Part 2 - Increase your training throughput with FSDP activation checkpointing
# Using Checkpoint Activations with Fully Sharded Data Parallel (FSDP) in PyTorch
## Introduction
In this article, we will explore how to use checkpoint activations with Fully Sharded Data Parallel (FSDP) in PyTorch. This technique is particularly useful for optimizing memory usage during training large models. The video transcription provided by Les from Meta-AI walks through the process step-by-step, and we will aim to replicate that explanation in this article while ensuring clarity and readability.
---
## Setting Up the Environment
The first step is to ensure you have the correct version of PyTorch installed. As mentioned in the video, activation checkpointing for FSDP is supported starting from the June 18th nightlies. Therefore, any version of PyTorch built on or after June 18th will work.

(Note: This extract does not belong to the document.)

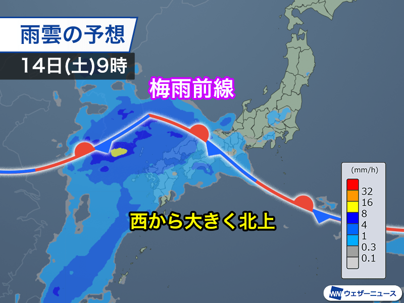 14日(土)になると梅雨前線は西から大きく北上し、朝の時点では日本海から紀伊半島付近を通って、関東の南の海上に伸びる予想となっています。

You will need to import a few key libraries:
```python
import torch
from functools import partial
```
Additionally, you’ll need the core FSDP imports:
```python
from torch.distributed.fsdp.fully_sharded_data_parallel import (
CheckpointWrapper,
CheckpointImpl,
apply_activation_checkpoints_wrapper,
)
```
These imports are standard for working with FSDP and checkpoint activations.
---
## Understanding Checkpoint Wrapping
The core of the implementation involves creating a **checkpoint wrapper**. This wrapper will be used to wrap layers in your model that you want to checkpoint during training. The process involves:
1. Bringing in the `CheckpointWrapper` class.
2. Using `CheckpointImpl`, an enum with two options: `re_entrant` and `non_re_entrant`. For optimal performance, we’ll use `non_re_entrant`.
3. Defining a function to apply these checkpoint wrappers across your model.
The key trade-off here is between performance and memory usage. The `non_re_entrant` option provides the best performance while still allowing you to free up GPU memory during training.
---
## Applying Checkpoint Wrappers
To identify which layers in your model should be wrapped with checkpoints, we’ll use a lambda function (check function). This function will programmatically walk through your model and check if each layer is of the type you want to wrap. For example:
```python
residual = getattr(torch.nn.Transformer, "residual")
```
This assumes you’re working with a transformer-based model where `residual` layers are the ones you want to checkpoint.
Once you’ve defined your check function, you can apply the checkpoint wrappers using:
```python
apply_activation_checkpoints_wrapper(model, wrapper_fn, check_fn)
```
Here, `model` is your sharded model (initialized with FSDP), `wrapper_fn` is the checkpoint wrapper function, and `check_fn` is the lambda function that identifies which layers to wrap.
---
## Initializing FSDP and Sharding the Model
Before applying the activation checkpoints, you must initialize FSDP and shard your model. This involves setting up parameters like:
- **Sharding strategy**: Decide how you want your model weights distributed across GPUs.
- **Precision policy**: Set the desired precision (e.g., 16-bit or 32-bit).
- **Wrap policies**: Define how layers are wrapped for checkpointing.
Once your model is sharded, you can pass it to the `apply_activation_checkpoints_wrapper` function along with your wrapper and check functions.
---
## Performance Considerations
There’s one main trade-off when using activation checkpoints: a slowdown in training time. You should expect a roughly 20-25% increase in training time because you’re effectively performing double computations (both forward and backward passes). However, this trade-off is more than offset by the memory savings.
From experience with models like T5, checkpoint activations have shown to free up anywhere from **33% to 38% of GPU memory**. This freed-up memory can be leveraged to increase your batch size, which in turn improves training throughput by a factor of **2-3x** or more.
This makes activation checkpoints an invaluable tool for improving both training efficiency and overall performance with FSDP.
---
## Conclusion
Using checkpoint activations with FSDP is a powerful technique for optimizing memory usage during the training of large neural networks. By following the steps outlined in this article, you can implement this optimization effectively while balancing the trade-offs between computation time and resource utilization.